## What is expected
A faithful copy of the data is what is wanted, minus any pictures.
:::
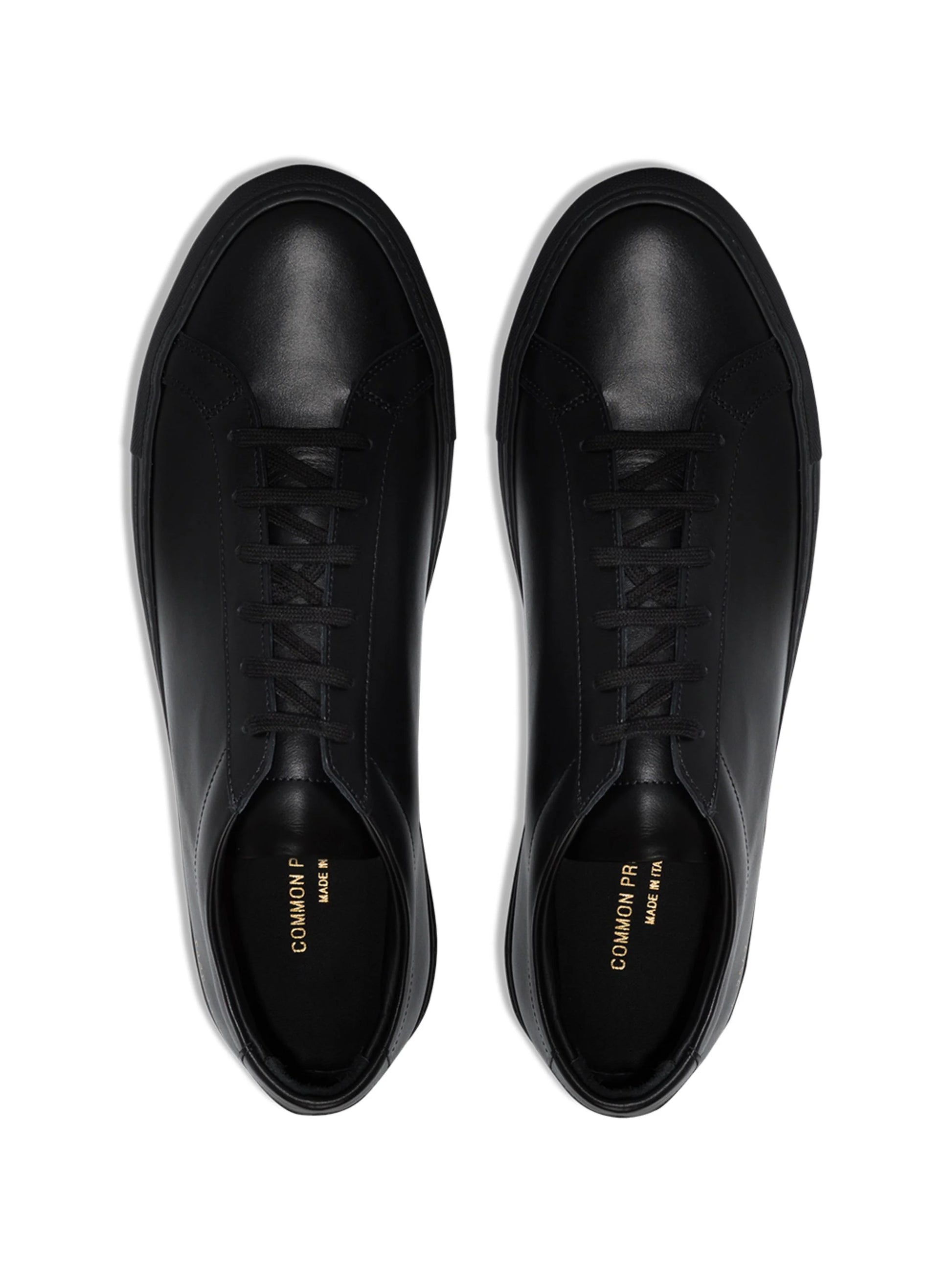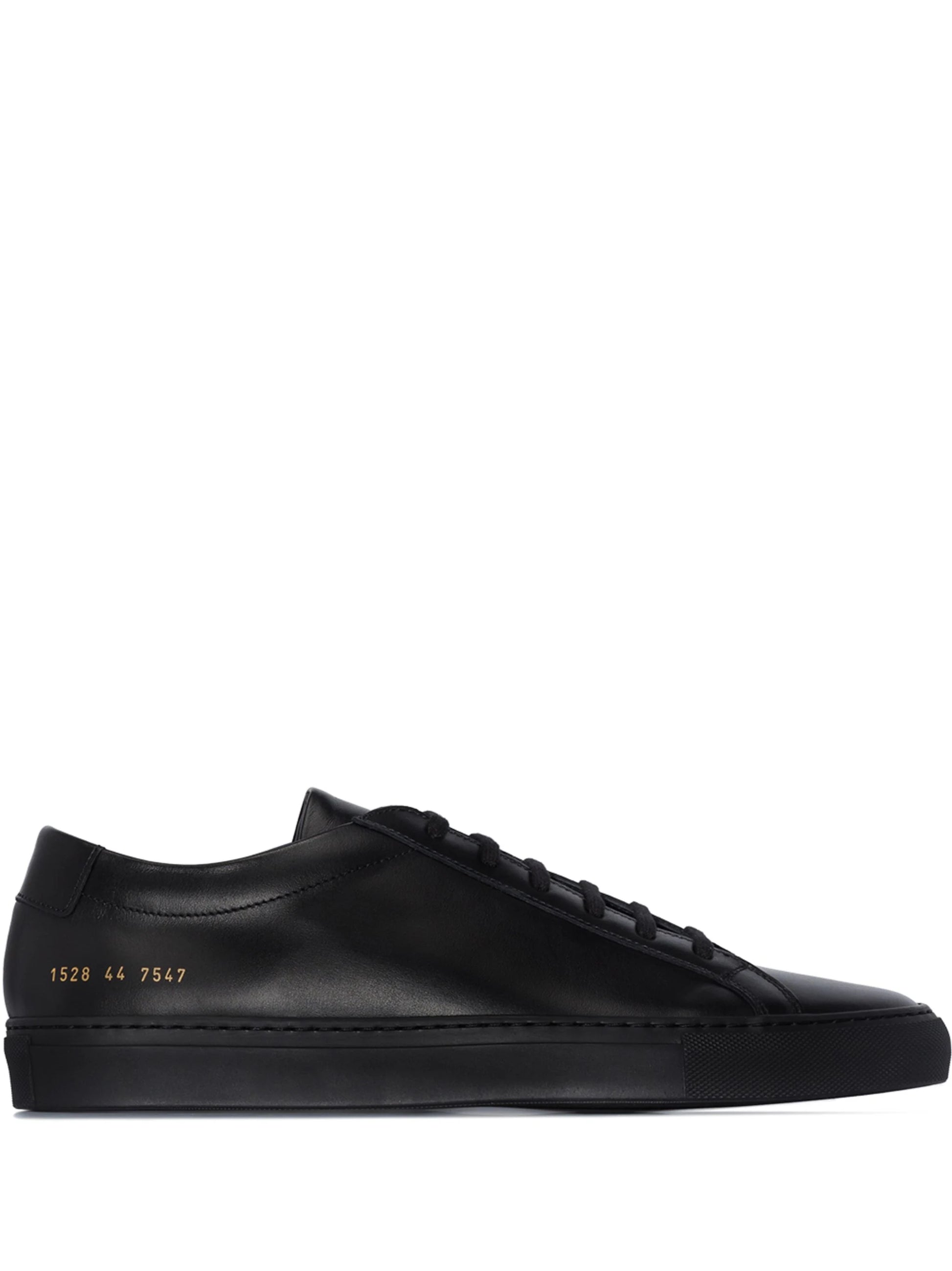 These black Common Projects Achilles low-top leather sneakers feature a round toe, lace-up front, gold foil serial stamp at the side, and flat rubber sole. These Common Projects sneakers are ideal for you, as — just like Achilles himself — you are a true warrior.
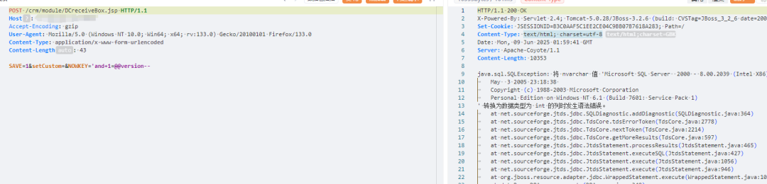 博斯外贸管理软件V6.0 DCreceiveBox.jsp 接口存在SQL注入漏洞,未经身份验证的远程攻击者除了可以利用 SQL 注入漏洞获取数据库中的信息(例如,管理员后台密码、站点的用户个人信息)之外,甚至在高权限的情况可向服务器中写入木马,进一步获取服务器系统权限。
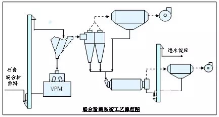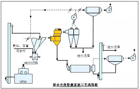 此工藝運(yùn)用于VPM立磨功率與球磨機(jī)功率比值大于0.5的場合,該系統(tǒng)主要優(yōu)點(diǎn)是系統(tǒng)產(chǎn)量高(增產(chǎn)100%以上),單位電耗低。
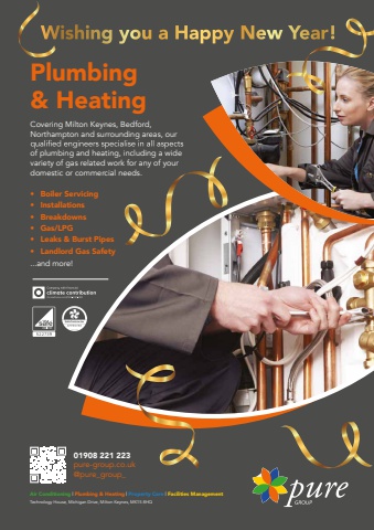 64 Phonebox Magazine | January 2025PHONEBOX MAGAZINE IS PUBLISHED BY PHONEBOX MAGAZINE LTD, UNIT 2 STANLEY COURT, OLNEY, BUCKS MK46 5NH - TEL 01234 71329801908 221 223pure-group.co.uk@pure_group_Air Conditioning | Plumbing & Heating | Property Care | Facilities ManagementTechnology House, Michigan Drive, Milton Keynes, MK15 8HQPlumbing & HeatingCovering Milton Keynes, Bedford, Northampton and surrounding areas, our of plumbing and heating, including a wide variety of gas related work for any of your domestic or commercial needs.%u2022 Boiler Servicing%u2022 Installations %u2022 Breakdowns%u2022 Gas/LPG%u2022 Leaks & Burst Pipes%u2022 Landlord Gas Safety...and more!
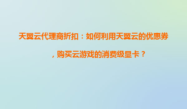 天翼云代理商折扣:如何利用天翼云的優(yōu)惠券,購買云游戲的消費級顯卡? 一、天翼云及其代理商的優(yōu)勢 天翼云作為中國電信旗下的云計算服務提供商,憑借其強大的技術支持和廣泛的市場資源,為企業(yè)和個人用戶提...
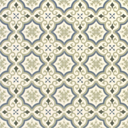Tapis sur mesure Vinyle - Effet carreaux de ciment arabesques - Vert et bleu
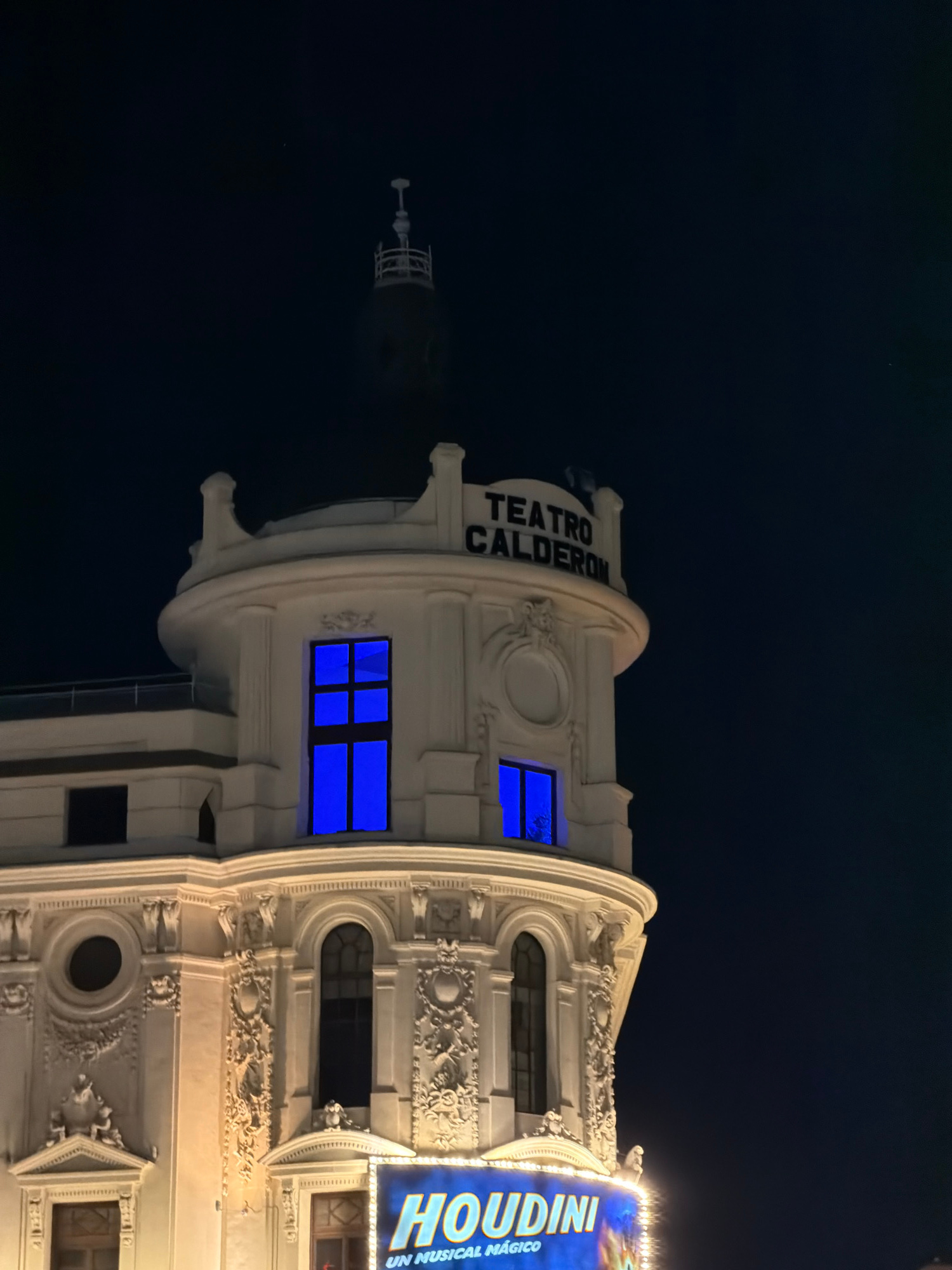 The image shows the Teatro Calderón in Madrid, Spain, at night. The building is illuminated, and a sign for the show "Houdini" is visible. The building's architecture is ornate, with decorative elemen…read more
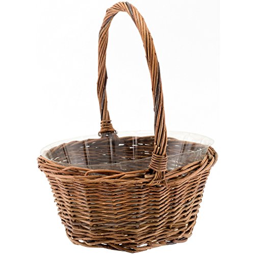 Oval Shaped -SMALL- Willow Handwoven Easter Basket by Royal Imports 9"(L) x7"(W) x3.5"(H) (10.5"(H) w/ handle) braided rim - with Plastic Insert
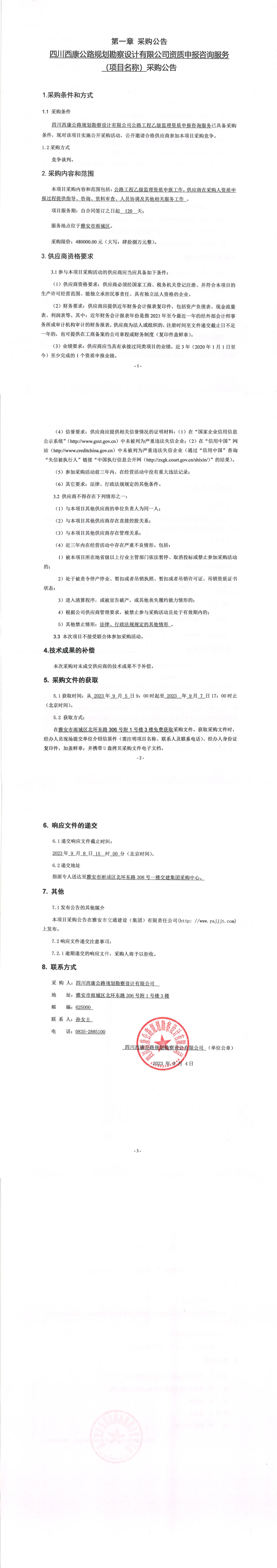 四川西康公路規(guī)劃勘察設(shè)計有限公司資質(zhì)申報咨詢服務(wù)(項(xiàng)目名稱)采購公告
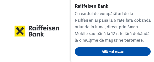 - Raiffeisen – ai până la 12 rate fără dobândă.
:::
## Written response
 These black Common Projects Achilles low-top leather sneakers feature a round toe, lace-up front, gold foil serial stamp at the side, and flat rubber sole. These Common Projects sneakers are ideal for you, as — just like Achilles himself — you are a true warrior.
 博斯外贸管理软件V6.0 DCreceiveBox.jsp 接口存在SQL注入漏洞,未经身份验证的远程攻击者除了可以利用 SQL 注入漏洞获取数据库中的信息(例如,管理员后台密码、站点的用户个人信息)之外,甚至在高权限的情况可向服务器中写入木马,进一步获取服务器系统权限。
 此工藝運(yùn)用于VPM立磨功率與球磨機(jī)功率比值大于0.5的場合,該系統(tǒng)主要優(yōu)點(diǎn)是系統(tǒng)產(chǎn)量高(增產(chǎn)100%以上),單位電耗低。
 64 Phonebox Magazine | January 2025PHONEBOX MAGAZINE IS PUBLISHED BY PHONEBOX MAGAZINE LTD, UNIT 2 STANLEY COURT, OLNEY, BUCKS MK46 5NH - TEL 01234 71329801908 221 223pure-group.co.uk@pure_group_Air Conditioning | Plumbing & Heating | Property Care | Facilities ManagementTechnology House, Michigan Drive, Milton Keynes, MK15 8HQPlumbing & HeatingCovering Milton Keynes, Bedford, Northampton and surrounding areas, our of plumbing and heating, including a wide variety of gas related work for any of your domestic or commercial needs.%u2022 Boiler Servicing%u2022 Installations %u2022 Breakdowns%u2022 Gas/LPG%u2022 Leaks & Burst Pipes%u2022 Landlord Gas Safety...and more!
 天翼云代理商折扣:如何利用天翼云的優(yōu)惠券,購買云游戲的消費級顯卡? 一、天翼云及其代理商的優(yōu)勢 天翼云作為中國電信旗下的云計算服務提供商,憑借其強大的技術支持和廣泛的市場資源,為企業(yè)和個人用戶提...
Tapis sur mesure Vinyle - Effet carreaux de ciment arabesques - Vert et bleu
 The image shows the Teatro Calderón in Madrid, Spain, at night. The building is illuminated, and a sign for the show "Houdini" is visible. The building's architecture is ornate, with decorative elemen…read more
 Oval Shaped -SMALL- Willow Handwoven Easter Basket by Royal Imports 9"(L) x7"(W) x3.5"(H) (10.5"(H) w/ handle) braided rim - with Plastic Insert
 四川西康公路規(guī)劃勘察設(shè)計有限公司資質(zhì)申報咨詢服務(wù)(項(xiàng)目名稱)采購公告
 - Raiffeisen – ai până la 12 rate fără dobândă.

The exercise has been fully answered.